I just started trying to make utensils from fallen maple logs. So far, I've just been doing spatulas. I've found that there are some tasks which I don't have the right tool for. I have an old hatchet, a carving knife, a couple cheap hand saws, a file, and some sandpaper. Right now, I'm working on a spatula blank, but it's way too thick (about three quarters of an inch). The file is too slow, and the knife isn't up to the task, but the blank is too thick to use a saw on. What tools can I add to my collection to help with tasks like this? Would a fine rasp be the right tool for the job? I'm patient and don't mind using hand tools, and I'm a student, so I'd prefer not to buy really expensive stuff.
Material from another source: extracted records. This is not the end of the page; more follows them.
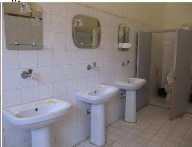
Adequate wash basins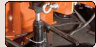
Hydraulic jack easily raises and lowers the feed roller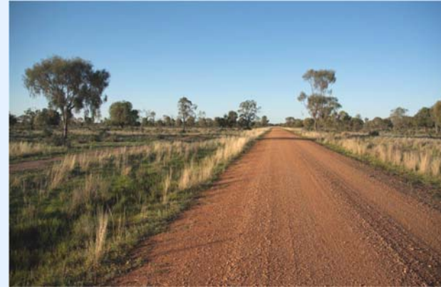
Council re-sheeted 120km of gravel road and constructed 20km of new road between 2012 and 2016.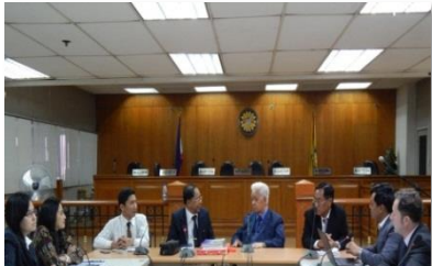
Exposure trip to ASEAN countries to study good practices of Inclusive Elections

Exposure trip to Philippines and Indonesia to study good practices of electoral system together with UEC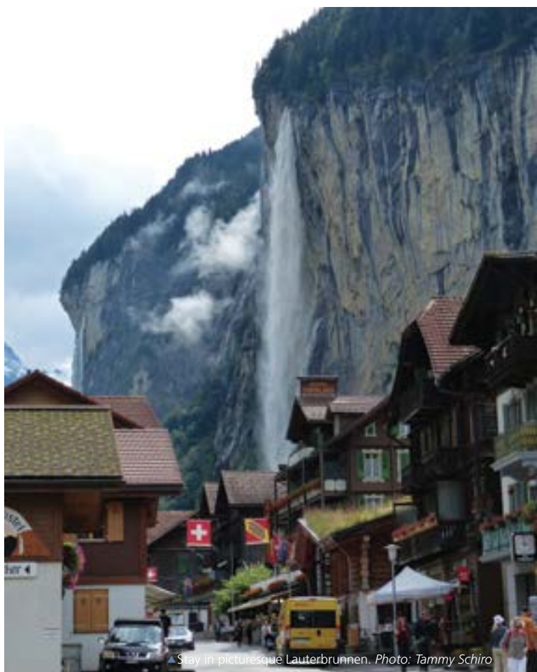
▲ Stay in picturesque Lauterbrunnen.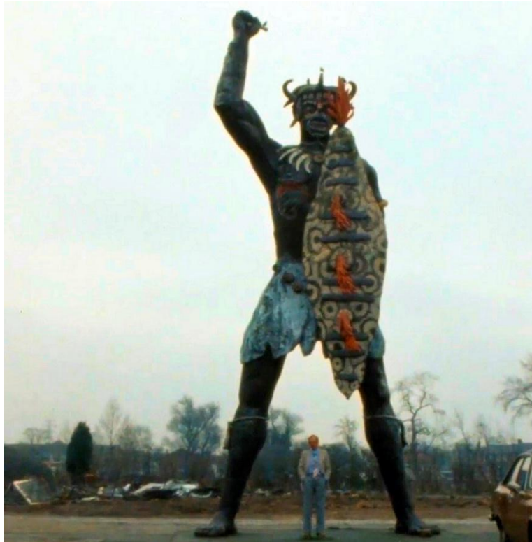
1981; The Zulu standing alone in the levelled remains of the Coventry Zoo site.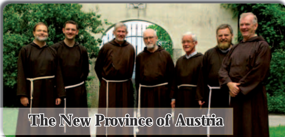
The New Province of Austria

Curia Generale OFMConv Via Piemonte, 70 00187 Roma · Italia Tel. 0039.06.4620121 Fax 0039.06.4828267 E-mail: bici@ofmconv.org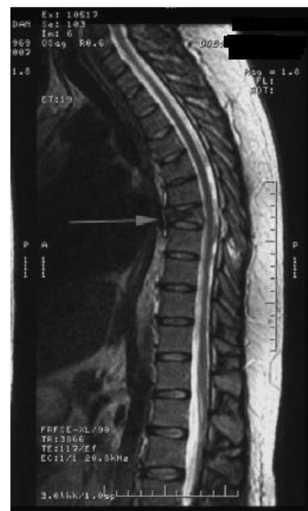
Figure 2. Magnetic resonance imaging scan of the thoracic spine demonstrating acute T7 compression fracture without spinal canal compromise (arrow denotes fracture).

The current TASER works by incapacitating one's ability to maintain volitional control of the body by causing electro-physical, involuntary contraction of skel-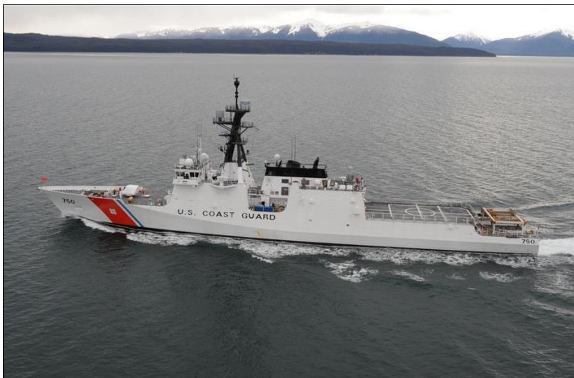
Figure 1. National Security Cutter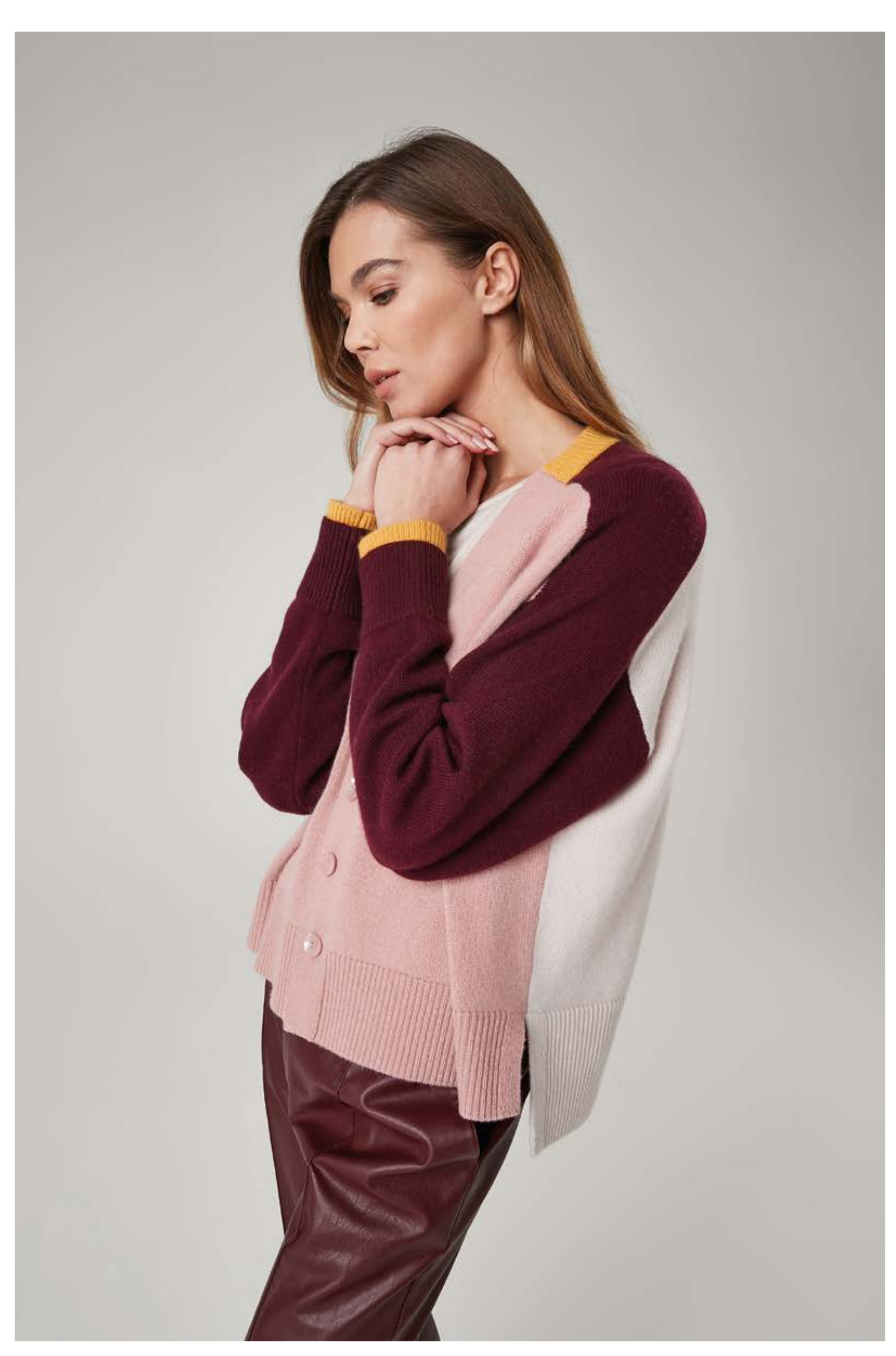
Top in jersey milk fiber, art. 1161 Cardigan in cashmere, art. 2138 Trousers in faux leather, art. 3060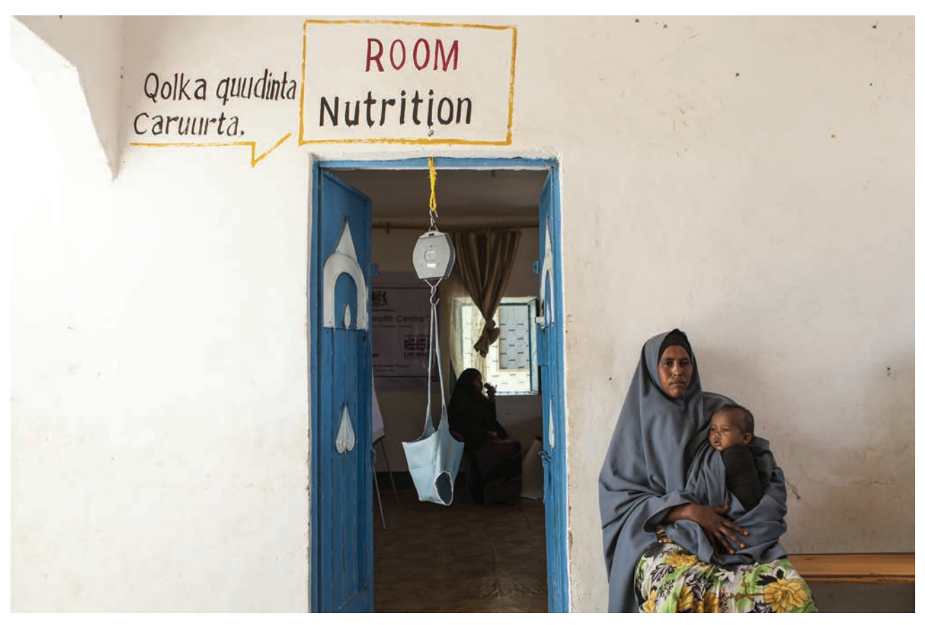
A mother holds her daughter at a health centre in the Karkaar region of Puntland, Somalia

improvement. A comparison with the Puntland programme, which had received a lot of on-site technical support, showed large differences in programme quality, indicating a need for much more regular support of the Hiran programme. The method was then standardised to include documentation, a technical and joint review of documents, feedback and action planning.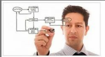
ISO Certification Training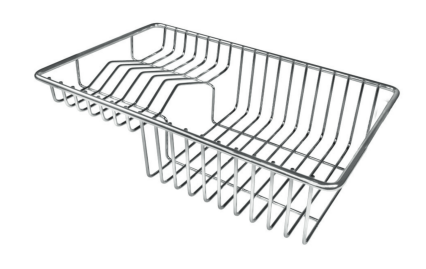
Stainless steel plate rack 8100 303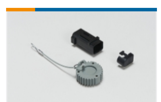
Automotive Connector Caps & Covers (3)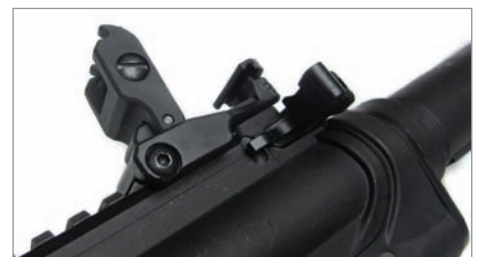
Flip-up sights are included front and rear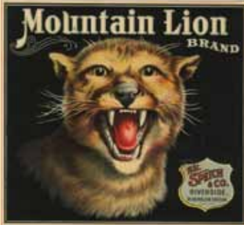
Mountain Lion, circa 1900-1905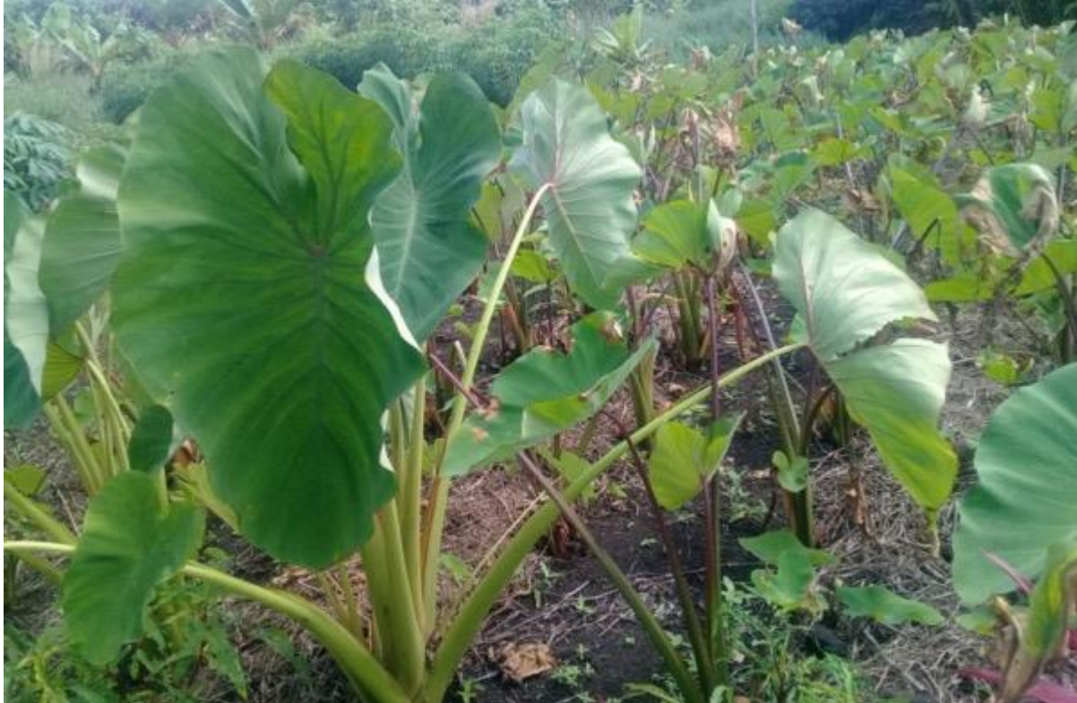
Fig. 3 The impact of taro leaf blight is to defoliate plants: they have 3 to 4 leaves instead of 6 to 7 on a healthy plant. The plant in the foreground is a blight-tolerant breeders' line, either the "Agriculture taro" from Solomon Islands or a Samoa variety, for comparison. It is a line bred for tolerance to taro leaf blight. The variety in the background with dark leaf stalks is a local susceptibility variety. (Field of Osanti Ludawane, Takwa, north Malaita, 2019. Image kindly provided by Pita Tikai, Kastom Gaden Association).

I know I'll have to get some sort of spoon knife eventually to move on from spatulas.
Thanks for any advice!
Micah


----------



## BurlyBob (Mar 13, 2012)

Try a sharp spoke shave. Possibly a Stanley 51 or 151.


----------



## MicahG (Aug 13, 2015)

Thanks for the recommendation. Will that work well on hardwood? Also, what will I need for sharpening? I already have some whetstones I use for knives.


----------



## pmayer (Jan 3, 2010)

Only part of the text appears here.